___ DATASET EXCERPT

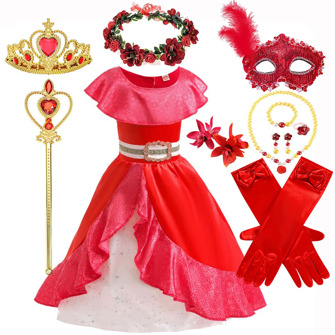 Disney Halloween Costume for Girls Baby Princess Dress Classic Elena of Avalor Red Ruffle Skirt Belt Dress Cosplay Party Gift
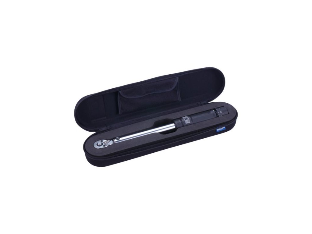 Momentový kľúč s 1/2“ nadstavcom a nastavením momentu po 0,25 Nm. Vhodný pre pravákov ako i ľavákov.Mechanizmus, ktorý kliknutím indikuje dosiahnutie nastavenej hodnoty. Dĺžka 355mm pre jednoduchšie dosiahnutie maximálneho momentu.Rozsah: 10 – 60 Nm, veľmi jemné nastavenie. Individuálne počítačom kalibrovaný. Možné opäť rekalibrovať. Dodávané v odolnom obale.
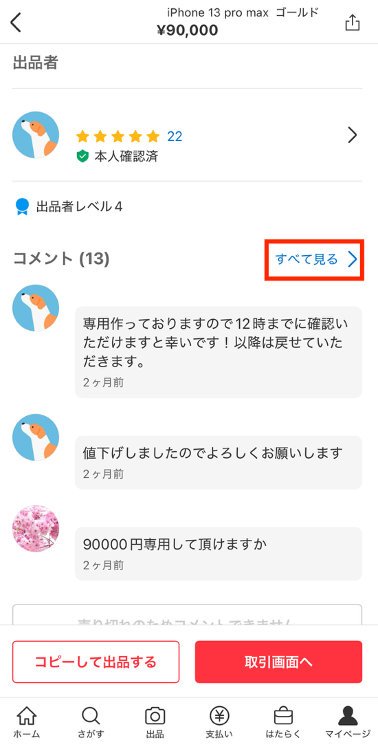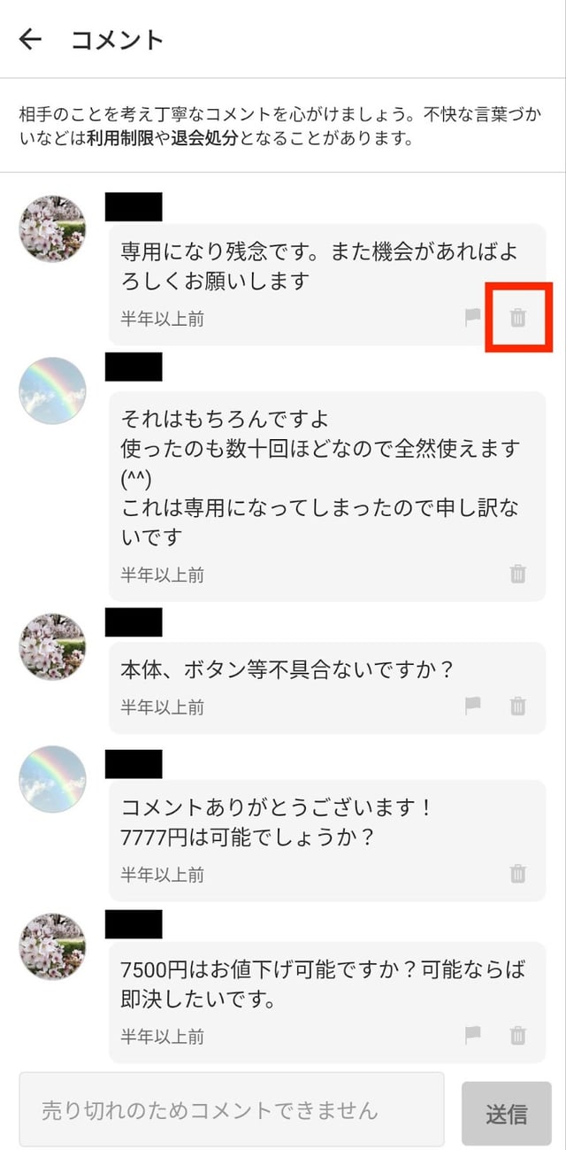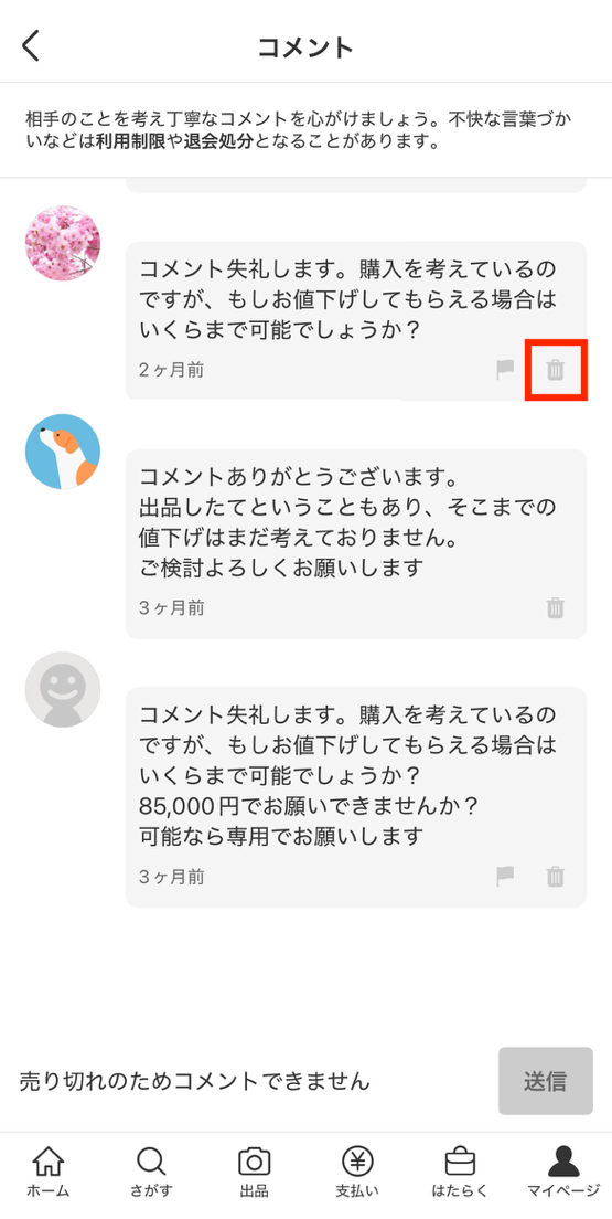 価格交渉のコメントを残しておくと、他の購入希望者がさらに値下げを求めたり、希望の価格で売れなかったりする可能性があります。そのため、やり取りが終わった購入者からの価格交渉コメントは、削除を検討しましょう。

______

▸ **ASSIGNMENT**: In your copy of the listing, please omit the pictures and keep every word exact.

▸ **COMPLETED EXERCISE**:
 Disney Halloween Costume for Girls Baby Princess Dress Classic Elena of Avalor Red Ruffle Skirt Belt Dress Cosplay Party Gift
 Momentový kľúč s 1/2“ nadstavcom a nastavením momentu po 0,25 Nm. Vhodný pre pravákov ako i ľavákov.Mechanizmus, ktorý kliknutím indikuje dosiahnutie nastavenej hodnoty. Dĺžka 355mm pre jednoduchšie dosiahnutie maximálneho momentu.Rozsah: 10 – 60 Nm, veľmi jemné nastavenie. Individuálne počítačom kalibrovaný. Možné opäť rekalibrovať. Dodávané v odolnom obale.
 価格交渉のコメントを残しておくと、他の購入希望者がさらに値下げを求めたり、希望の価格で売れなかったりする可能性があります。そのため、やり取りが終わった購入者からの価格交渉コメントは、削除を検討しましょう。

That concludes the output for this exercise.